En octobre dernier, à l’aube d’un confinement qui allait provoquer une nouvelle fermeture des universités, Emmanuel Macron avait eu quelques mots pour la jeunesse et l’épreuve « ­terrible » qu’elle traversait, entre privations et fragilités matérielles : « C’est dur d’avoir 20 ans en 2020 », estimait alors le président. Cinq mois plus tard, la situation ne paraît guère plus riante pour les millions de lycéens, d’étudiants, d’apprentis ou de jeunes salariés qui multiplient les appels au secours derrière la même bannière d’une « génération sacrifiée ».

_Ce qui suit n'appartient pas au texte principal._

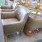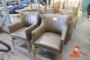 10 x LEATHER LOOK TUB CHAIRS (LIGHT BROWN). MINOR WEAR AND TEAR
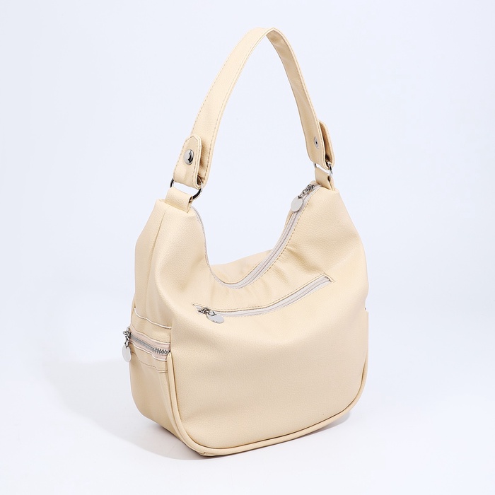 Сумка - мешок женская на молнии, 26×10×26 см, бежевая — Характеристики
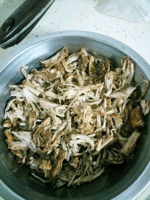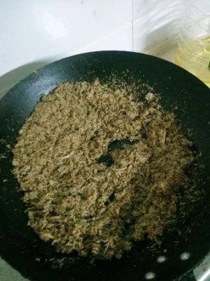 大火收汁后,把肉捡出来撕丝。如锅中小火翻炒。切勿火大,会胡。
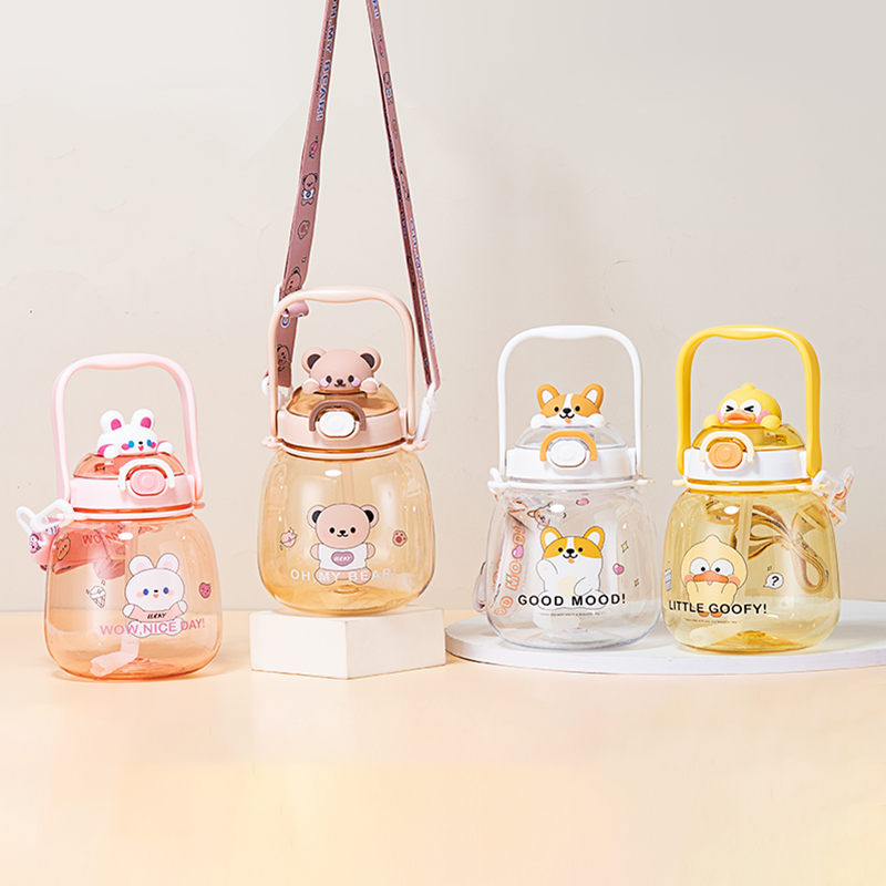 1310ML可爱抱抱动物大肚塑料杯高颜值吸管水杯(彩盒)

Ce numéro du 1, réalisé avec la participation des étudiants du programme Médecine-Humanités de l’École ­normale supérieure, se penche sur leur situation pour mesurer l’étendue des dégâts, tout juste un an après l’envol de la pandémie dans notre pays. Et le constat des experts convoqués dans ces pages est glaçant. S’ils ont été relativement épargnés par le virus, les jeunes sont en effet les premiers touchés par ses conséquences : précarité accrue, explosion des cas de dépression, difficultés à nouer des relations intimes, perspectives d’emploi bouchées… À peine lancés dans la vie, ils ont vu leur trajectoire brouillée, leurs rêves éclipsés, le tout sur fond d’angoisse pour leurs aînés.

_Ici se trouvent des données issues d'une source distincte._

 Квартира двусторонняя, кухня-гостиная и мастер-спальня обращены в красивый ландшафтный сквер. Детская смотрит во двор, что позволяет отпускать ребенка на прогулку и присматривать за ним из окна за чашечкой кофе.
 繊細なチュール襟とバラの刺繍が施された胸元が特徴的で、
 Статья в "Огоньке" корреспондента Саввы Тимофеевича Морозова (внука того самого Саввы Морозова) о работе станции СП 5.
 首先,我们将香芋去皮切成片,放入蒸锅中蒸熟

La fin de la crise sanitaire suffira-t-elle à leur rendre foi en l’avenir ? Alors que le couvre-feu reste la norme et le confinement l’exception dans certains départements, un léger frisson d’optimisme parcourt aujourd’hui la France. Pas encore une libération, tout juste un horizon qui semble se dégager, avec l’essor de la vaccination et la promesse des beaux jours. Déjà, on prépare la réouverture du pays, de ses bars, salles de concert, musées ou cinémas, comme autant de sésames pour une jeunesse enfin affranchie des interdits. Mais est-ce certain ? Il faudra d’abord s’assurer que les jeunes pourront facilement y avoir accès, si celui-ci est conditionné à un éventuel « pass sanitaire ». Il faudra surtout savoir quelle jeunesse aura le loisir de se précipiter dans cette nouvelle vie. Dans une tribune éclairante, l’économiste Philippe Askenazy met ainsi en garde contre ces nouvelles « Années folles » dont on annonce le retour. Car si beaucoup de jeunes piaffent d’impatience de pouvoir retrouver la fête, la liberté, l’insouciance, d’autres craignent des lendemains qui déchantent, plombés par une seconde crise, économique celle-là, plus effrayante que la première. Les premiers attendent que se desserre l’étau de l’État. Les seconds redoutent qu’il ne les laisse tomber, une fois la tempête passée. Et que pour eux, le temps des sacrifices ne soit pas encore terminé.